Pianist Liana Șerbescu: „So that the oblivion is not complete…”

Silvia and Liana Șerbescu in their home from Sf. Constantin St.

This is the story of two dear houses in the Bucharest of my childhood and youth, one in the proximity of Dealul Mitropoliei, built by Mother’s grandfather Ioan Bunescu, and the other close to Cișmigiu Gardens, erected by my father, Florian Șerbescu. Although very different in style, they are nevertheless related in that they were both founded on a strong feeling: a great attachment to his family, with Ioan Bunescu, and the adoration for the beloved wife and revered artist Silvia, with my father.
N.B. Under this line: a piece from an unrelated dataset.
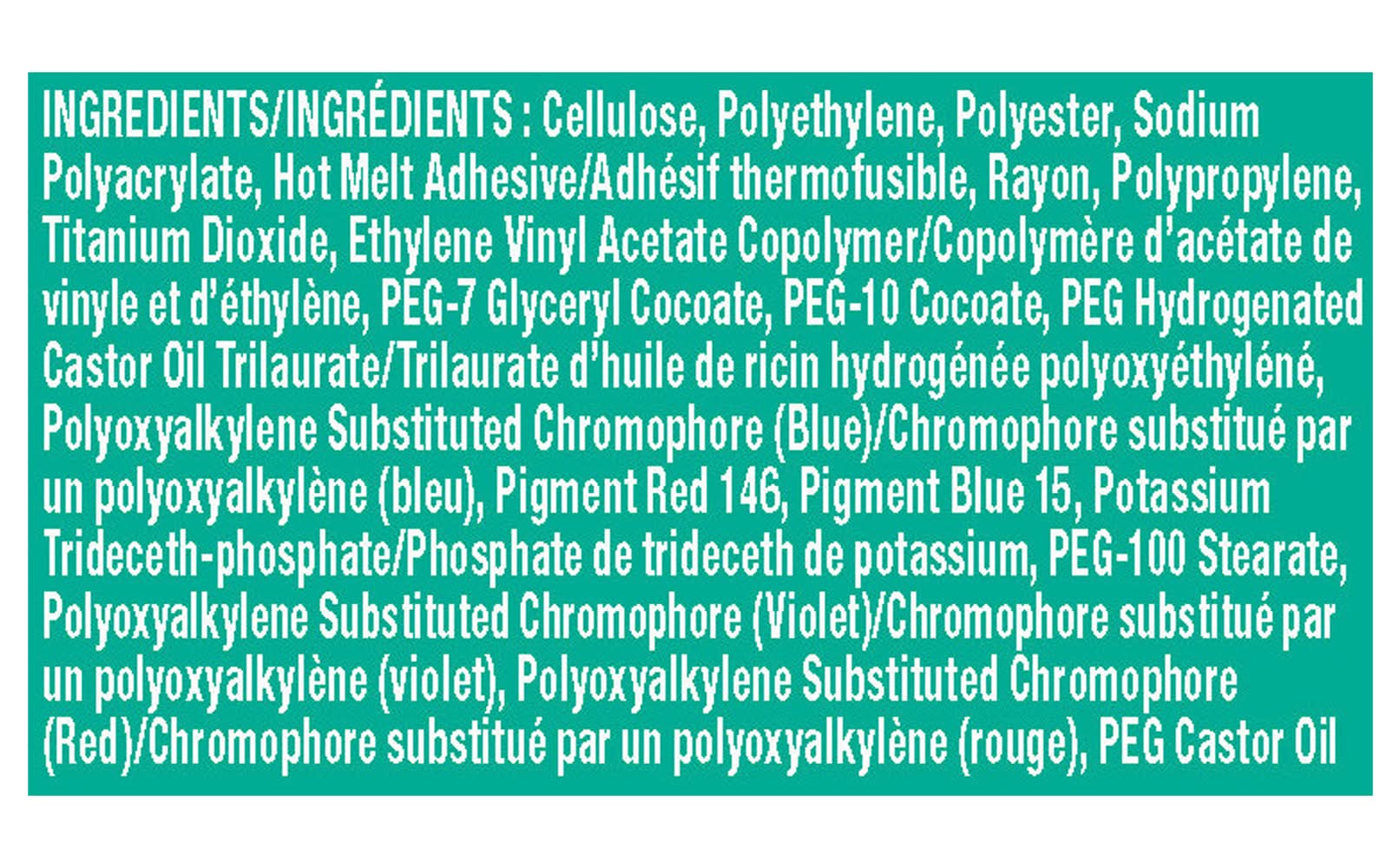 Ingredients: Cellulose, Polyethylene, Polyester, Sodium Polyacrylate, Hot Melt Adhesive/Adhesif Thermofusible, Rayon, Polypropylene, Titanium Dioxide, Ethylene Vinyl Acetate Copolymer/Copolymere D'acetate De Vinyle Et D'ethylene, PEG-7 Glyceryl Cocoate, PEG-10 Cocoate, PEG Hydrogenated Castor Oil Trilaurate/Trilaurate D'huile De Ricin Hydrogenee Polyoxyethylene, Polyoxyalkylene Substituted Chromophore (Blue)/Chromophore Substitue Par Un Polyoxyalkylene (Bleu), Pigment Red 146, Pigment Blue 15, Potassium Trideceth-Phosphate/Phosphate De Trideceth De Potassium, PEG-100 Stearate, Polyoxyalkylene Substituted Chromophore (Violet)/Chromophore Substitue Par Un Polyoxyalkylene (Violet), Polyoxyalkylene Substituted Chromophore (Red)/Chromophore Substitue Par Un Polyoxyalkylene (Rouge), PEG Castor Oil

Mother, Silvia Chelaru Șerbescu, lived in both. The first half of her much too short life was spent in the house at 4 Profesori Street, the other, in the one at 27 Sfântul Constantin Street. The first house, as almost all others on that street located in the area between the Metropolitanate, Saint Catherine Church and the Bucharest Theology Seminary, was the dowry left to his successors by Mother’s grandfather Ioan Bunescu, church music composer, conductor of the Choir of the Romanian Metropolitanate and of other choir churches in Bucharest. Mother was thus born in the house that Ioan Bunescu had offered her mother Eliza, his second daughter, married to professor Gheorghe Chelaru. That was the offering from “Tătița” [“Pappy”] to his family. As for the other house, it was engineer Florian Șerbescu’s offering of love and veneration to his wife Silvia.

Mother was born into a highly musical family. In addition to her grandfather Ioan Bunescu, there was her great-grandfather Ghiță Ionescu, whose daughter Victoria married Ioan. Professor and ethnomusicologist George Breazul called his former high school teacher Ghiță Ionescu one of the most important precursors of Romanian choral music. He wrote both sacred and secular music, patriotic songs in particular. When Romania was raised to the status of a kingdom on May 10, 1881, he wrote the anthem Zece Mai [The 10th of May], for which he was decorated by King Carol I himself.

My childhood Sundays were genuine festive days: we would take tram 12 to Piața Mitropoliei and we would get off at Spitalul Brâncovenesc to go to the house on Profesori Street where my grandfather, Professor Gheorghe Chelaru, had invited us to lunch. Other relatives living nearby, all of them, descendants of the “Bunescu clan”, would join us, and we would go sit under Aunt Elena’s apricot tree for Turkish coffee and Aunt Constanța’s homemade sherbet.

After Father and Mother got married in 1925, they remained in Mother’s house for seven years. It was in 1932 that they bought the land on Sfântul Constantin Street on which Mother’s second house was erected, the one they would live in the rest of their lives.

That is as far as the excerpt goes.